Tod’s Returns To Profitability While Nike Feels The China Squeeze

Only a handful of luxury and fashion lines announced their earnings results in September, but those that did fared relatively well. Despite an array of challenges — from unfavorable foreign exchange rates to overstocked inventory due to shipping delays — Ferragamo, Tod’s, and Nike all managed to beat estimates. However, this was largely thanks to consumers in Europe and North America; China, the only major economy still enforcing strict COVID-19 measures, remains a sore spot for sales.


The newly rebranded Ferragamo started September off strong by topping market forecasts. Group revenue in the first half of fiscal 2022 climbed 20 percent to €630 million ($619 million or 4.4 billion RMB) while net profit surged 85 percent to €62 million ($61 million or 434 million RMB) compared to the same period last year. Unsurprisingly, net sales in the Asia Pacific region, which made up one-third of total sales, fell by 1.5 percent due to the ongoing lockdowns.

With disruptions beginning at the end of March, China was the one area that slumped. But the house maintained some activities: for the Lunar New Year, Ferragamo invited local artists Sun Yuan and Peng Yu to create unique prints for a special capsule, strengthening its relationship with the creative community. In April, it partnered with mega KOL Li Jiaqi and Tencent Huiju Luxury to promote its Spring 2022 collection and later participated in’s 618, which boosted sales by 150 percent during the 18-day shopping festival.

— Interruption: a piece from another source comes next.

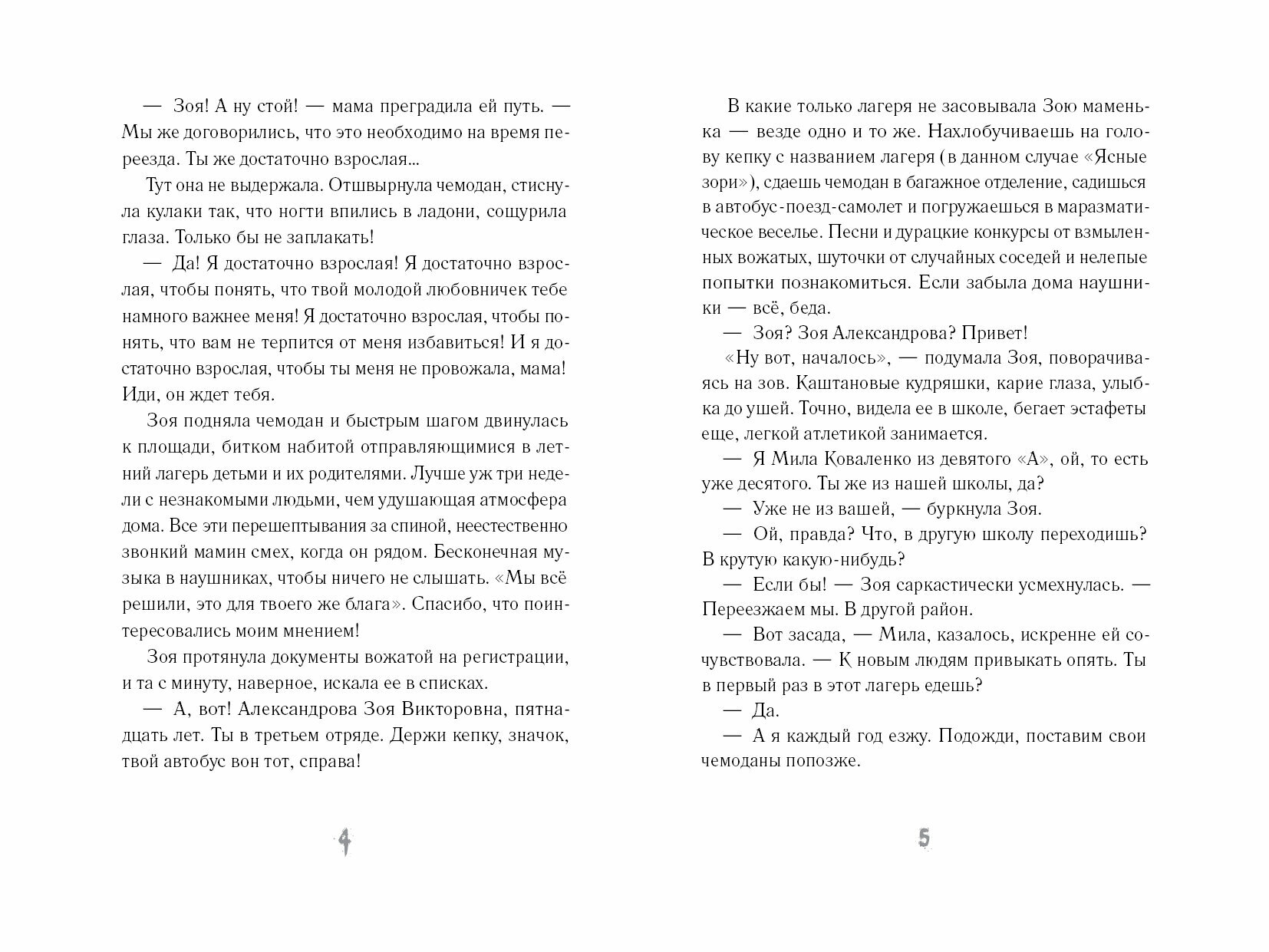 Зое — пятнадцать. Мама отправила её в очередной летний лагерь, даже не поинтересовавшись мнением дочери. К счастью, в лагере героиня быстро находит родственную душу — энергичную и забавную Милу. Королева «Ясных зорь» — Полина, окружённая лебезящей свитой. В глазах подруг эта девчонка — средоточие всего, что они терпеть не могут в людях: высокомерия, эгоизма, глупости. Как объяснить её популярность? По ночам в лагере из года в год пропадают дети. В память об исчезнувших остаются лишь круги на полях. Что это — случайность? Заговор руководства? Неведомая потусторонняя сила? Зоя и Мила пытаются во всём разобраться.

According to CEO Marco Gobbetti, who joined the luxury firm in January, Ferragamo will accelerate investment in the second half of the year to “build strength in platforms and regions,” driven by a “transformational deal” with Farfetch. This, combined with a revamp under its new creative director Maximilian Davis, could help bring the brand closer to its goal of doubling 2021 revenues by 2026.

Tod’s Group

The parent company of Tod’s, Roger Vivier, and Hogan also reported solid first-half results. The Italian luxury group returned to profitability and reported a 17.4 percent increase in revenues to €465.7 million ($458 million or 3.2 billion RMB), surpassing pre-pandemic levels. This was despite the fact that sales in Greater China tumbled 13 percent: “In China, in the first half, 88 percent of stores were opened, but the ones that were closed were the biggest and the ones that had the most impact,” explained CEO Emilio Macellari.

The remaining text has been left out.